The original track was featured on the first single, Ganbare Otome. This version swaps members for different parts. For example, the single version's intro was performed (in order) by Phongchi (#8), Koizumi (#2), Eto (#4), and Kato (#1) while the album version's intro was performed by Endo (#3), Takiguchi (#5), Phongchi (#8) and Kato (#1).

===Daiba no Koi no Monogatari===
(A Love Story in Daiba)

To add variety and to showcase the individual girls' vocal styles, three tracks debuted on Daiji na Mono to satisfy that purpose. The first, Daiba no Koi no Monogatari, is performed (in order) by Kato (#1), Yazawa (#7), Phongchi (#8) and Takiguchi (#5) with all male parts performed by Baka-Rizumu Masuno (Hidetomo Masuno, Host of Idoling's TV activities).
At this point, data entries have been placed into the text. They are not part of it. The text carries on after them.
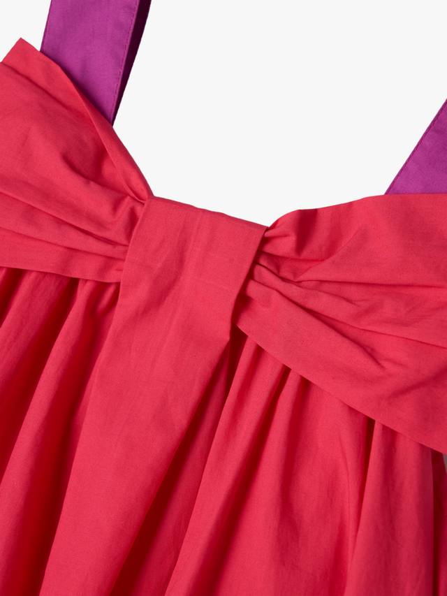 Усильте эффект кружения в этом свободном платье из удобного хлопка. Оно украшено эффектным большим бантом и отличается ярким цветом. Попробуйте!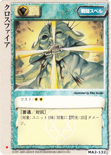 ![]() ![]() | MA2-132 クロスファイア 戦闘スペル 千年皇国の栄光 ◆ 属性:聖 コスト:聖 [普通/対抗] 〈対象:ユニット1体〉対象に【閃光:2D】ダメージ。 illustrated by Rika Suzuki |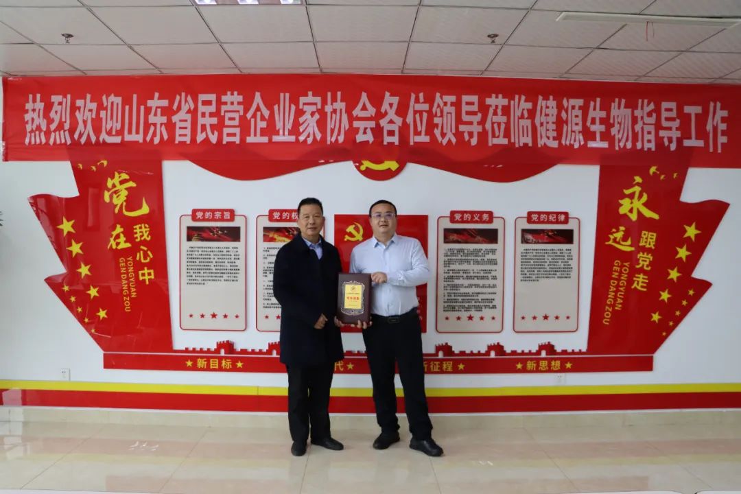 2024年1月17日,山东省民营企业家协会秘书长李吉祥,协会党支部书记、副秘书长孙力,协会秘书处主任彭亚玲,协会秘书处副主任柳川莅临公司调研工作,并为健源生物颁发奖牌和证书。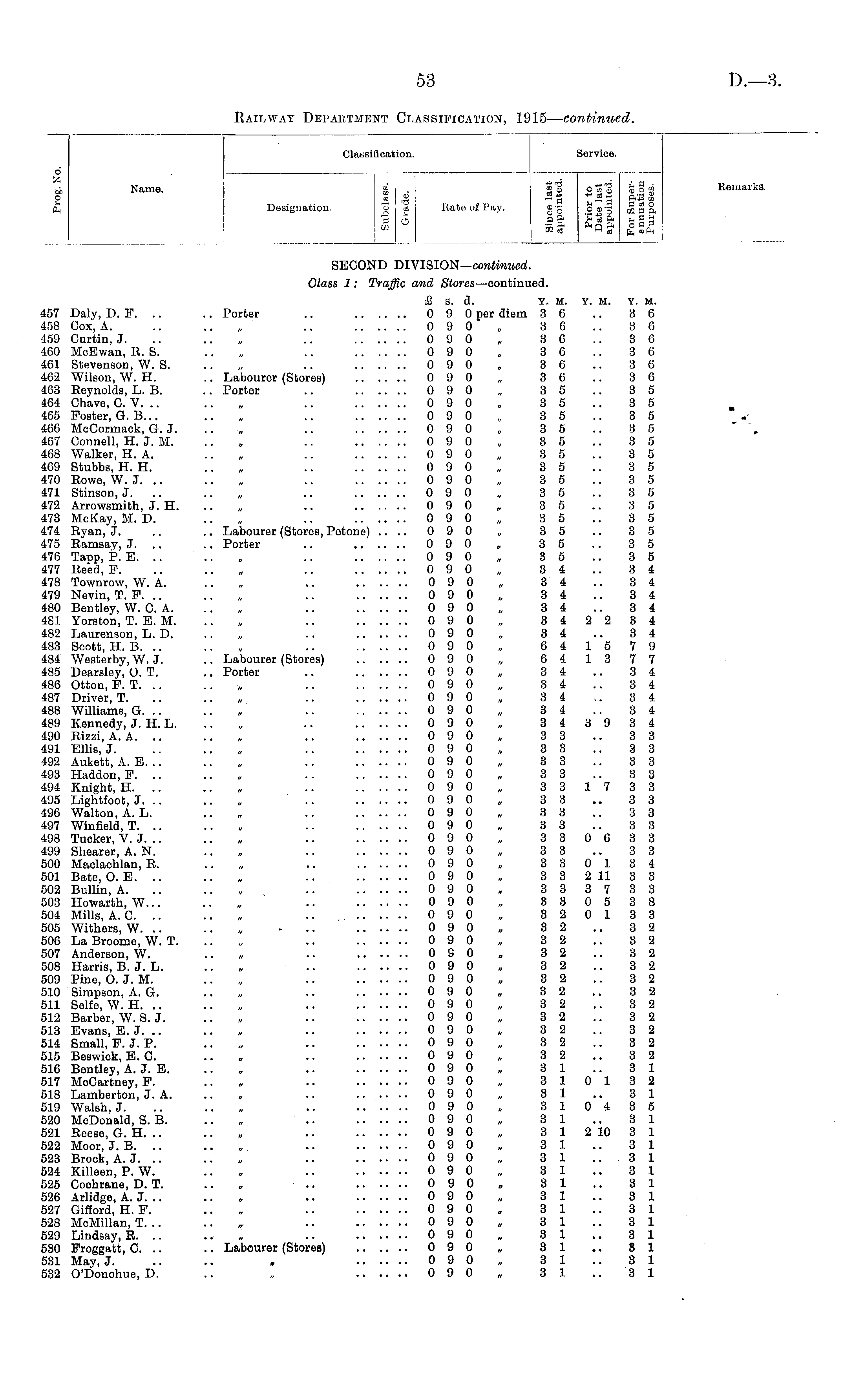 Railway Department Classification, 1915— continued.

The song is done in a classic Japanese enka style. The lyrics feature fictitious comedic dialogue between Masuno and the girls as they attempt to woo him, only to have him turn each one down with a specific reason that pertains to their TV personality. (Kato is turned down for not being young enough, Yazawa for not being thin enough, Phongchi for not speaking enough and Takiguchi for being a general failure.)

===Stay with Me===
The second split-group song, performed by Tonooka (#6) and Yokoyama (#9).

===Omoi no Uta===
(A Song of My Thoughts)

The third and final split-group piece is a ballad performed (in order of verse) by Eto (#4), Endo (#3) and Koizumi (#2).

===Daiji na Mono===
(A Precious Thing)

The title track of the album commits entire tercets to each member, with each member having written their own lyrics for their respective tercets. Each verse features three members, with the same three members singing the chorus that follows (the exception being the final chorus which is performed by the entire group with back-up singers.)

Verse 1

Eto (#4) "If your tears pour out, smile into a mirror. You may just become a new person."

Yazawa (#7) "Even with the smallest of things, I'll try my best. The World I've hidden away inside will spread out."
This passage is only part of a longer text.